I’ve recently had a few reasons to doubt whether my workflow for uncertainty studies with correlations is optimal so wanted to ask the question and get some advice if possible. I’m dealing with a computational model with ~50 input variables and also want to know the sensitivities (knowing which variables aren’t important is just as valuable as which ones are in this case).

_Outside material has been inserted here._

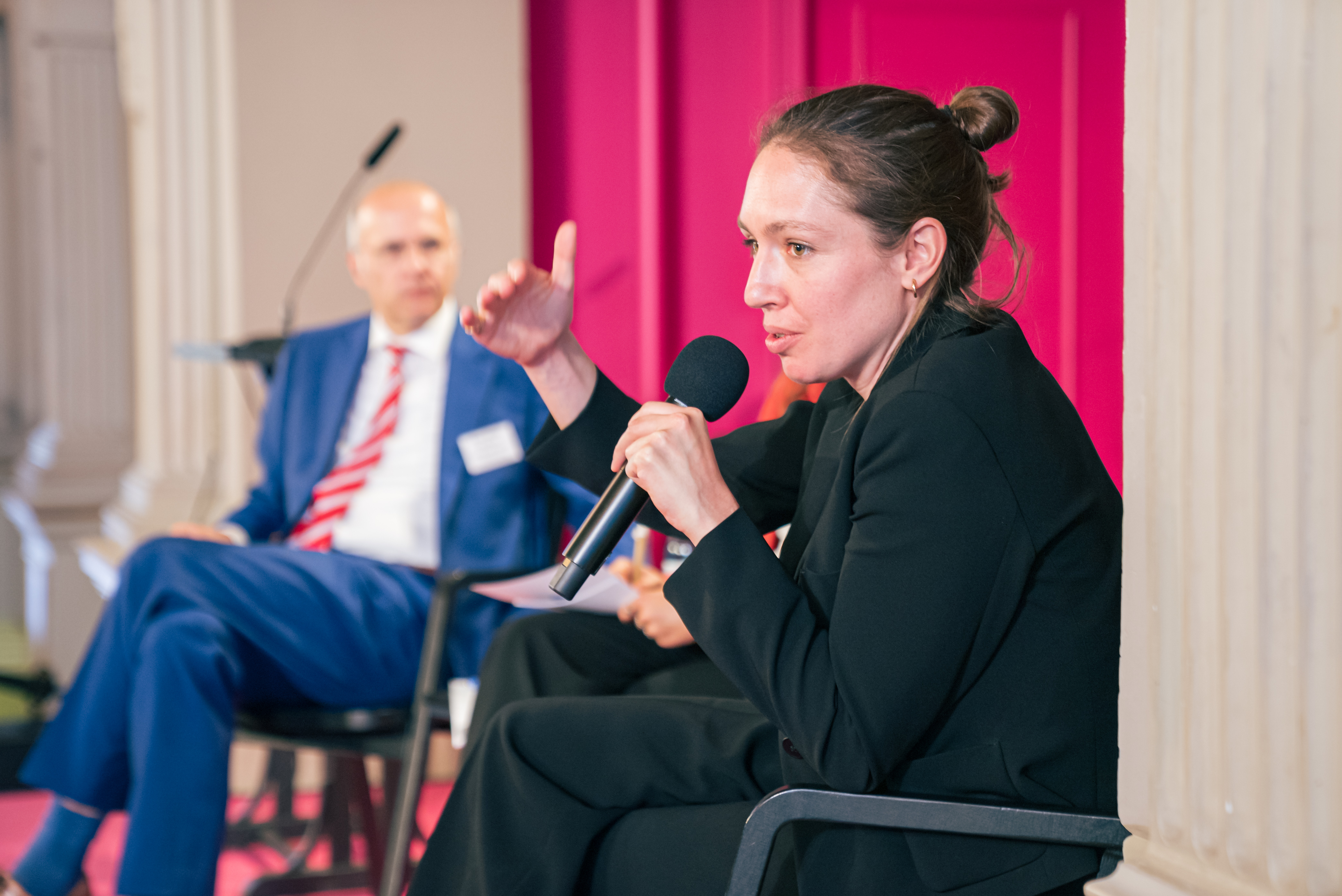 Anschließend haben sie gemeinsam mit den Teilnehmer:innen diskutiert, wie diese Bedarfe gedeckt werden könnten. Dabei kommt es u.a. auf die Kombination aus öffentlichen und privaten Geldern an sowie auf den Zeitraum, in dem sich Finanzierungen materialisieren. Klaus Deutsch machte deutlich: Bei der Frage nach den Investitionsbedarfen streitet man nicht mehr in der Sache, sondern in der Abgrenzung und Berechnungweise. Dabei stellt sich auch die Frage danach, welcher Referenzwert dem gegenübergestellt werden muss - mit anderen Worten: Was kostet es, heute nicht zu investieren. Dieser Frage liegt wiederum die Frage danach, was sich eigentlich messen lässt, zugrunde, wie Philippa Sigl-Glöckner klarstellte.

I’ll illustrate it with the example inspired from a previous post Sensitivity Analysis with Effective Quadratures - Blog - Discourse — equadratures:

We can setup the standard problem:

```
s1 = Parameter(distribution='Gaussian', shape_parameter_A=0., shape_parameter_B=1., order=3)
s2 = Parameter(distribution='Gaussian', shape_parameter_A=0., shape_parameter_B=1., order=3)
R = np.array([ [ 1.0, 0.8],
[ 0.8, 1.0]])
basis = Basis('total order')
poly = Poly([s1, s2], basis, method='least-squares', sampling_args={'sample-points':X_train,'sample-outputs':y_train})
```

In this case the training data has been generated from a Latin Hypercube (sampled over the same support but uniformly) in the expensive code. The reason behind sampling from a uniform distribution in the training data is to get the best representation of the full design space. Is there anything wrong with doing this? Specifically fitting the model with uniform data despite investigating Gaussian input uncertainties?

With the independent poly defined it can now be transformed to account for the correlations:

```
corr = Correlations(poly, R)
corr.set_model(y_train_corr)
poly2 = corr.get_transformed_poly()
poly2.get_mean_and_variance()
```

The problem here is that in order to get the poly to feed into Correlations it needs the X_train and y_train datasets and then in order to use the correlated one that also needs fitting and so it requires two full sets of runs of the expensive code which feels inefficient. I suspect there’s a way of bypassing one of these but I’m not sure how. This is the main problem I’m having and I’ve recently been resorting to just doing correlated Monte Carlo with the previous independent poly instead of creating a Correlations instance.

I think a more effective way to do the UQ study generally here is to use subspaces and sample in the projected space as I have so many variables but I’m not clear how this would be set up for the correlated inputs case. The sensitivity metrics are also important but I think the weightings of the subspace vector would give me enough here to get an insight into what’s driving the most change in the design space.